Memphis, Tennessee.  Home of the blues. Beale Street, the best barbecue anywhere, bar none. Elvis. Graceland.

That's what the tourists see.

Let me take you down to Memphis. The real Memphis, Tennessee.

Metropolitan Memphis is 324 square miles, and there are 652, 717 people living there.

It's tough, living in Memphis. You think Chicago's tough?

Okay, Chicago is tough, but so is Memphis, it was the murder capital of the U.S., twice in the last decade

I'm not proud of that. It's tough, is all I'm sayin'.

Memphians will tell you there are more churches than gas stations in their city, and more barbecue places than churches.

I was in one of our fine, barbecue-scarfin' establishments once, back when a pay phone cost ten cents. A man with four pennies in his hand asked me for “a solid dime.”
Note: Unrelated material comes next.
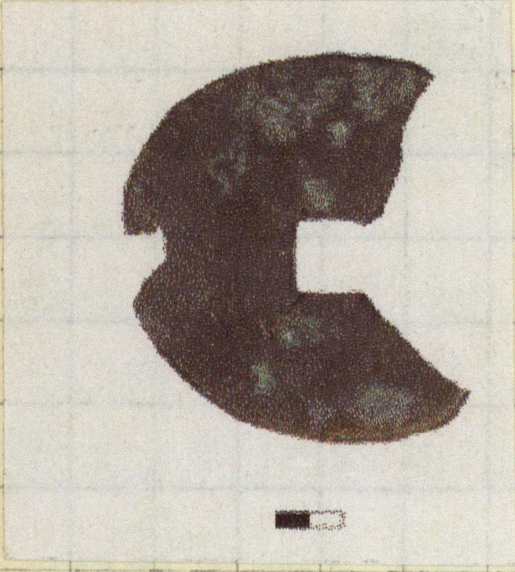 | Description: | Single fragment. Flat, oval copper alloy object with square hole cut in center. Preserves dark brown patina and pale blue corrosion. | |

The telephone, he said, don't recognize four cents.

That's how people talk in Memphis, TN.

Memphis is the only place you'll see a locally owned convenience store with a giant, neon sign that says: Watermelon. Beer. Ice.

It is the only place I know where a pastor goes on the radio and says, When you come to my church, I will greet you with all the love and sincerity I can muster.

Swear to God, he said that.

To a man named Sidney Shlenker, Memphis was an opportunity.

The name might be familiar. In 1995, Shlenker was in the news for his involvement in the Heidi Fleiss scandal

In '89, Sidney Shlenker was in Memphis, pitching an idea to the city fathers: a 20, 000 seat pyramid-shaped arena, with a Hard Rock Cafe and everything.

You'd think a name like “Sidney Shlenker” would've given someone pause.

Shlenker was well-known for all sorts of flim-flammery, but he managed to persuade more than a few of Memphis' movers and shakers the venue would be “a monument.”

Out-of-town financial backers disagreed and sent him packing. A lot of bankruptcy petitions would be filed before Shlenker slithered away, and it seems God does look after fools; the pyramid was built and today it is a Bass Pro Shop, one of the biggest in the country.

But for years it was just an eyesore. A testament to stupidity, and greed, three hundred feet high.

Memphis is an unmelded mass of grifters and lottery ticket holders, a divide of broken promises and privelege.

It's a shabby, backwater, exploitation film of a city.

The humidity's always high, it's either too hot or too cold.

And I miss it something awful here in Chattanooga.